Forty some years have passed since Anderson’s seminal article but our mathematical understanding of this picture is still unsatisfactory and one-sided: the occurrence of Anderson localization is by now well established, but with the exception of the special case of the Anderson model on the Bethe lattice, there are no mathematical results on the existence of continuous spectrum and a metal-insulator transition.

In this lecture I will first review localization, including the recent proofs of localization for the Bernoulli-Anderson Hamiltonian (Bourgain and Kenig) and for the Poisson Hamiltonian (Germinet, Hislop and Klein).

I will then present an approach to the metal-insulator transition based on dynamical (i.e., transport) instead of spectral properties (Germinet and Klein). Here transport refers to the rate of growth, with respect to time, of moments of a wave packet initially localized both in space and energy. The region of dynamical localization is

Appendix: Complete List of Abstracts

833

defined to be the spectral region where the random Schrödinger operator exhibits strong dynamical localization, and hence no transport. The region of dynamical delocalization is the spectral region with nontrivial transport. There is a natural definition of a dynamical metal-insulator transition and of a dynamical mobility edge. We proved a structural result on the dynamics of Anderson-type random operators: at a given energy there is either dynamical localization or dynamical delocalization with a nonzero minimal rate of transport. The region of dynamical localization turns out to be the analogue for random operators of Dobrushin-Shlosman’s region of complete analyticity for classical spin systems, and may be called the region of complete localization.

I will close with the proof of the occurrence of this dynamical metal-insulator transition in random Landau Hamiltonians (Germinet, Schenker and Klein). More precisely, we show the existence of dynamical delocalization for random Landau Hamiltonians near each Landau level, which combined with the known dynamical localization at the edges of each disordered-broadened Landau band, implies the existence of at least one dynamical mobility edge in each Landau band.

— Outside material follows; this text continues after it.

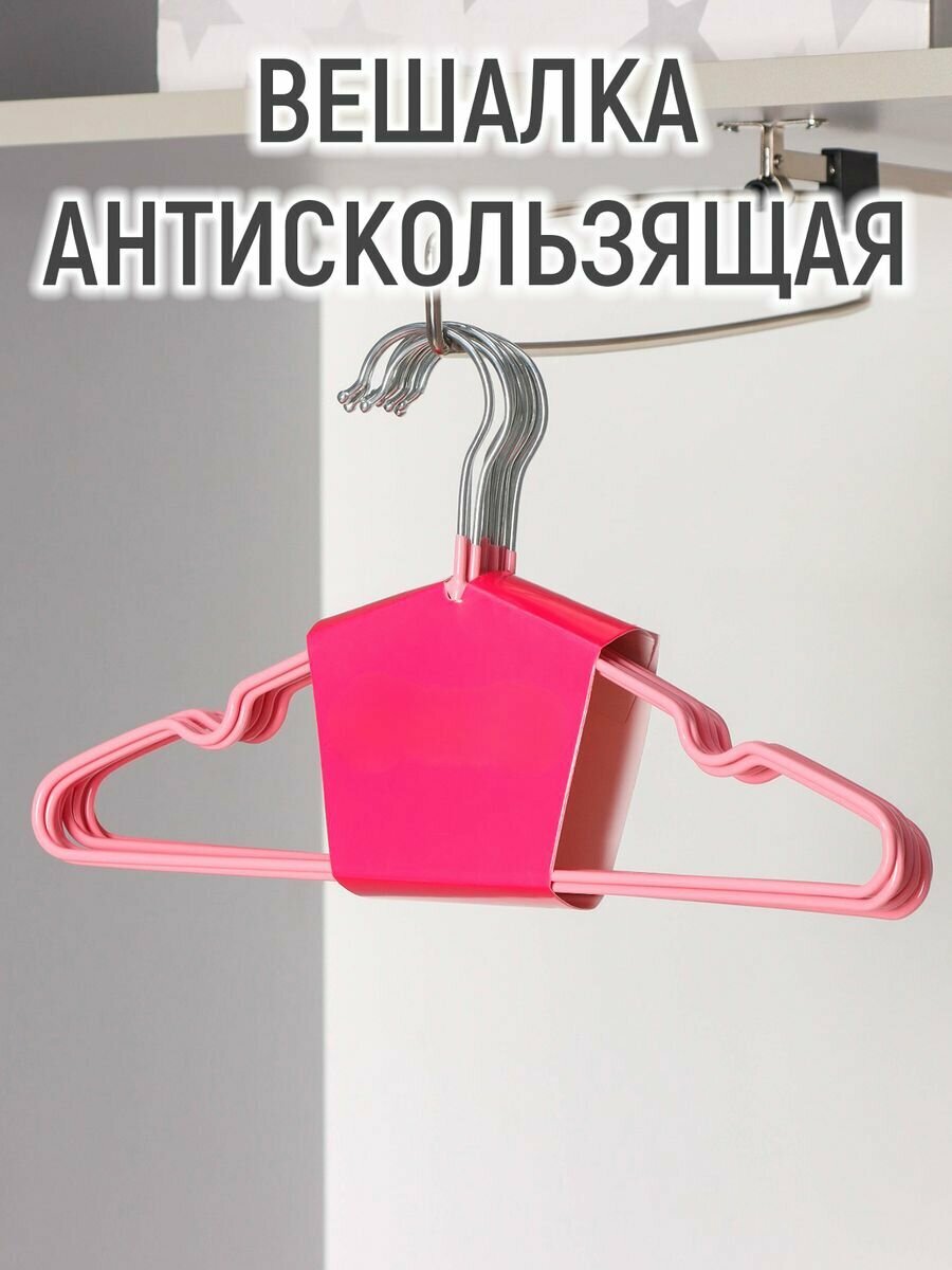 Плечики для одежды детские, 10 шт, 29×16,5 см, металл, ПВХ покрытие, цвет розовый интересное:

2.0.9 Perelman’s Work on the Geometrization Conjecture

Bruce Kleiner

Yale bruce.kleiner@yale.edu

The lecture will discuss the Ricci flow approach to Geometrization.

2.0.10 Trying to Characterize Robust and Generic Dynamics

Enrique Ramiro Pujals

IMPA, Rio de Janeiro enrique@impa.br

If we consider that the mathematical formulation of natural phenomena always involves simplifications of the physical laws, real significance of a model may be accorded only to those properties that are robust under perturbations. In loose terms, robustness means that some main features of a dynamical system (an attractor, a given geometric configuration, or some form of recurrence, to name a few possibilities) are shared by all nearby systems.

In the talk, we will explain the structure related to the presence of robust phenomena and the universal mechanisms that lead to lack of robustness. Providing a conceptual framework, the goal is to show how this approach helps to describe “generic” dynamics in the space of all dynamical systems.